RECORDS SUPPLIED section start

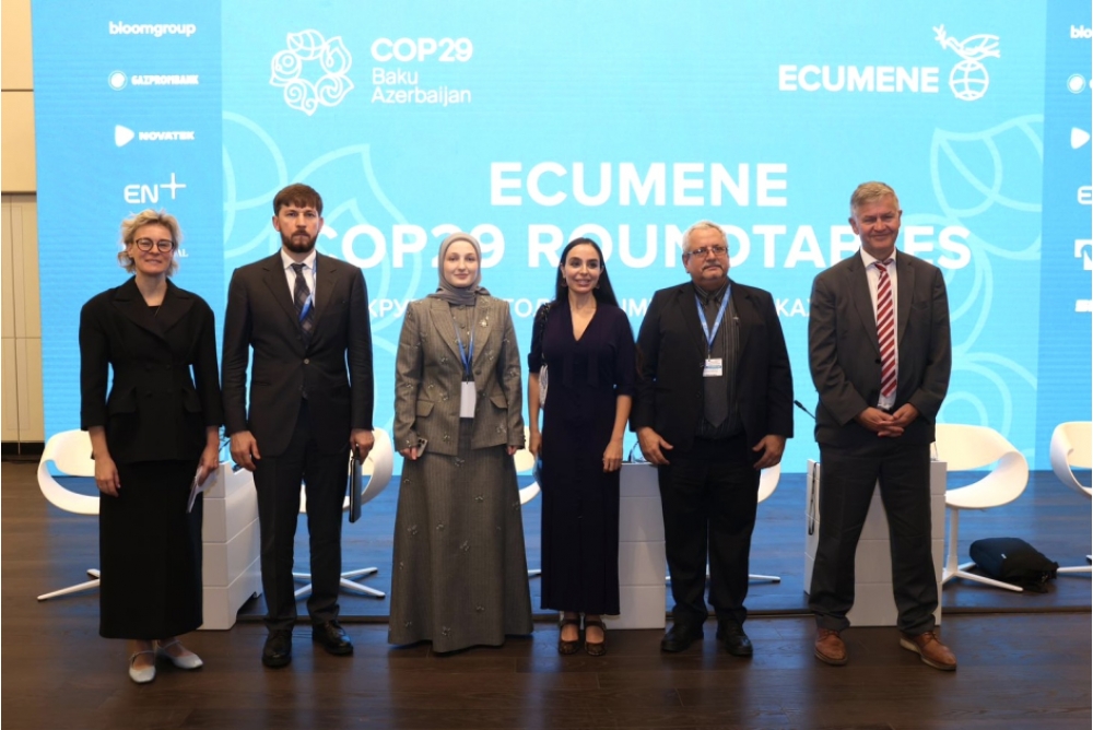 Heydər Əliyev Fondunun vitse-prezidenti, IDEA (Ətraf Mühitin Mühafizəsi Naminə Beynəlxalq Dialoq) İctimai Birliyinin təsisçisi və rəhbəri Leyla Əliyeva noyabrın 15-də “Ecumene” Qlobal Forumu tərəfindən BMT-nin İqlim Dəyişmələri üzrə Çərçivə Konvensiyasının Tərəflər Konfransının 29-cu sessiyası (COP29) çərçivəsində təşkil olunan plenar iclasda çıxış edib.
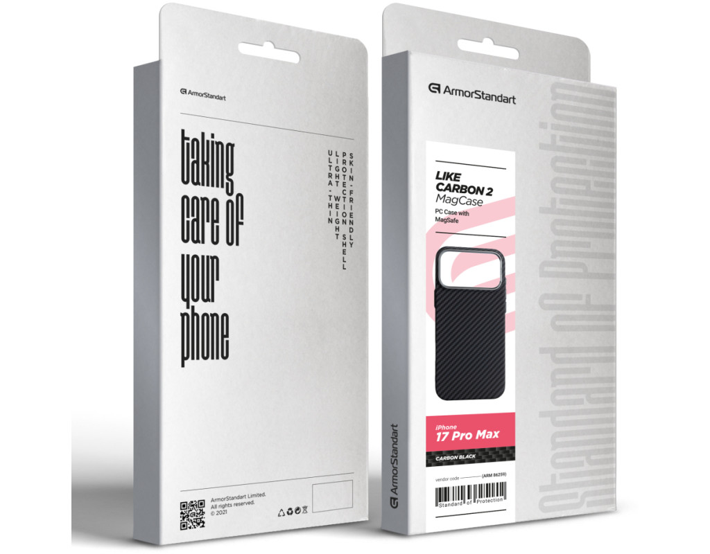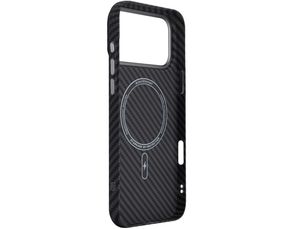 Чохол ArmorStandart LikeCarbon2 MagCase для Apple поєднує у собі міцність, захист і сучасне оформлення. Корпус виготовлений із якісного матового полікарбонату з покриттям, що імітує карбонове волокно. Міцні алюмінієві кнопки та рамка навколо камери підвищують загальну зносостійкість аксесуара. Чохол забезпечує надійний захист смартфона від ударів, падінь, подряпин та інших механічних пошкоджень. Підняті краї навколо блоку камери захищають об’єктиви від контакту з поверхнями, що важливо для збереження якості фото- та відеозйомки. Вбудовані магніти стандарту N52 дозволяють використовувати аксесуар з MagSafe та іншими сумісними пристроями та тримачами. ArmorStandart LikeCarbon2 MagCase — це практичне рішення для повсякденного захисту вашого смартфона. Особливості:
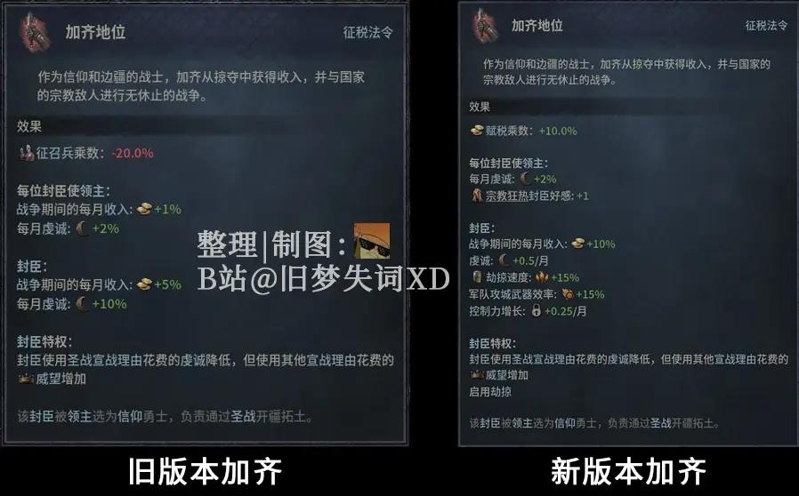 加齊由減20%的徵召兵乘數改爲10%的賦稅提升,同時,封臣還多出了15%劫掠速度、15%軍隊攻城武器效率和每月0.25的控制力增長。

RECORDS SUPPLIED section end
RECORDS SUPPLIED section start

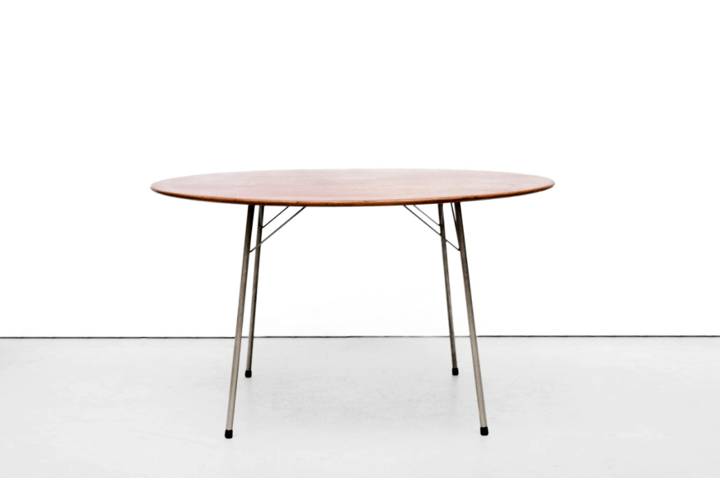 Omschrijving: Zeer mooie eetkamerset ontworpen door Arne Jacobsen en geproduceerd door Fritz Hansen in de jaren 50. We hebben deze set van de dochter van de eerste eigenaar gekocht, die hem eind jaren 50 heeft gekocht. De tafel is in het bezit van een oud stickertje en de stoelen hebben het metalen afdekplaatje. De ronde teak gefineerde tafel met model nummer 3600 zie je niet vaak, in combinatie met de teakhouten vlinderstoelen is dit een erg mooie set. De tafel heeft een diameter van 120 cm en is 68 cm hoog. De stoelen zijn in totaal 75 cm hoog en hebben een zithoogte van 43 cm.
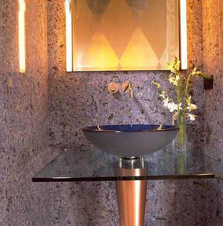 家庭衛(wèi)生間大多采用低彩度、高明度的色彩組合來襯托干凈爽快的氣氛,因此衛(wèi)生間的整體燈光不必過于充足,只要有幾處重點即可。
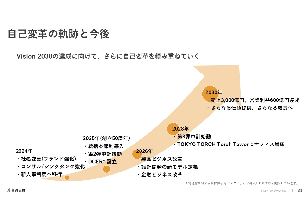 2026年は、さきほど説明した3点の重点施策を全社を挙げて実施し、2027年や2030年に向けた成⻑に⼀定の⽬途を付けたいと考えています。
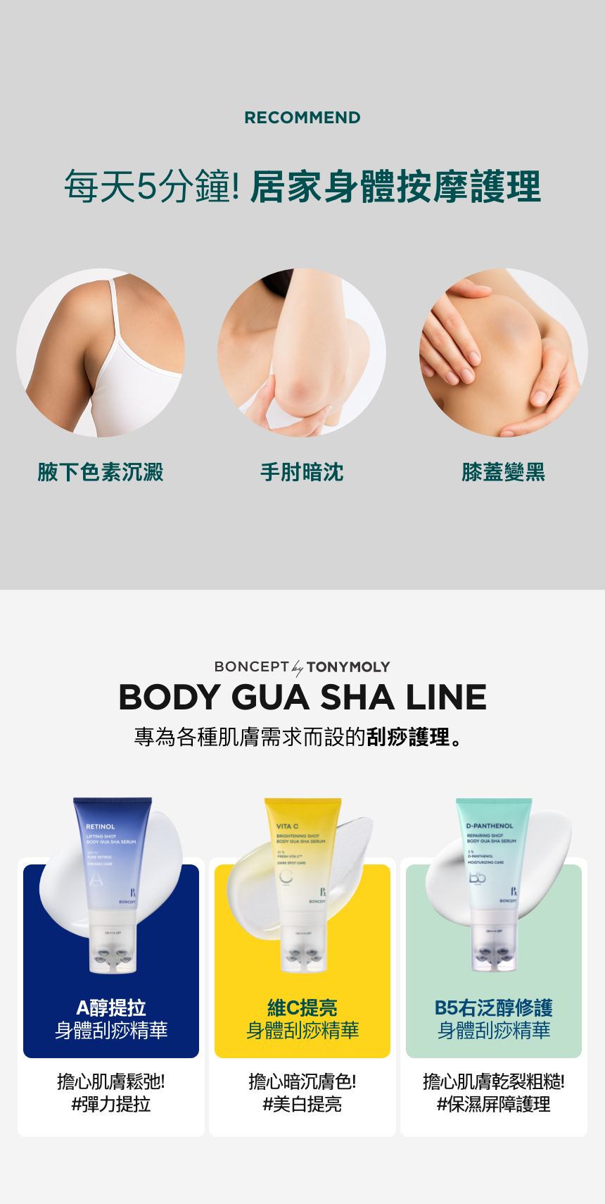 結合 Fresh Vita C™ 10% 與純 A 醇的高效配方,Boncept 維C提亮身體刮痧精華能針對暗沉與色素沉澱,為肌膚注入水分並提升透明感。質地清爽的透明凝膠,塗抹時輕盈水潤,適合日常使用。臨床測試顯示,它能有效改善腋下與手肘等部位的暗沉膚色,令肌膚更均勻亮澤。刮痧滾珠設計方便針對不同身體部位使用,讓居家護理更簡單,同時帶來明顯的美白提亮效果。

RECORDS SUPPLIED section end

▶ _TASK TO COMPLETE_
In the listing above, find the line with "家庭衛(wèi)生間大多采用" and the line with "結合 Fresh Vita". Copy exactly those two and every line between, without the pictures.

▶ _RESULT_
 家庭衛(wèi)生間大多采用低彩度、高明度的色彩組合來襯托干凈爽快的氣氛,因此衛(wèi)生間的整體燈光不必過于充足,只要有幾處重點即可。
 2026年は、さきほど説明した3点の重点施策を全社を挙げて実施し、2027年や2030年に向けた成⻑に⼀定の⽬途を付けたいと考えています。
 結合 Fresh Vita C™ 10% 與純 A 醇的高效配方,Boncept 維C提亮身體刮痧精華能針對暗沉與色素沉澱,為肌膚注入水分並提升透明感。質地清爽的透明凝膠,塗抹時輕盈水潤,適合日常使用。臨床測試顯示,它能有效改善腋下與手肘等部位的暗沉膚色,令肌膚更均勻亮澤。刮痧滾珠設計方便針對不同身體部位使用,讓居家護理更簡單,同時帶來明顯的美白提亮效果。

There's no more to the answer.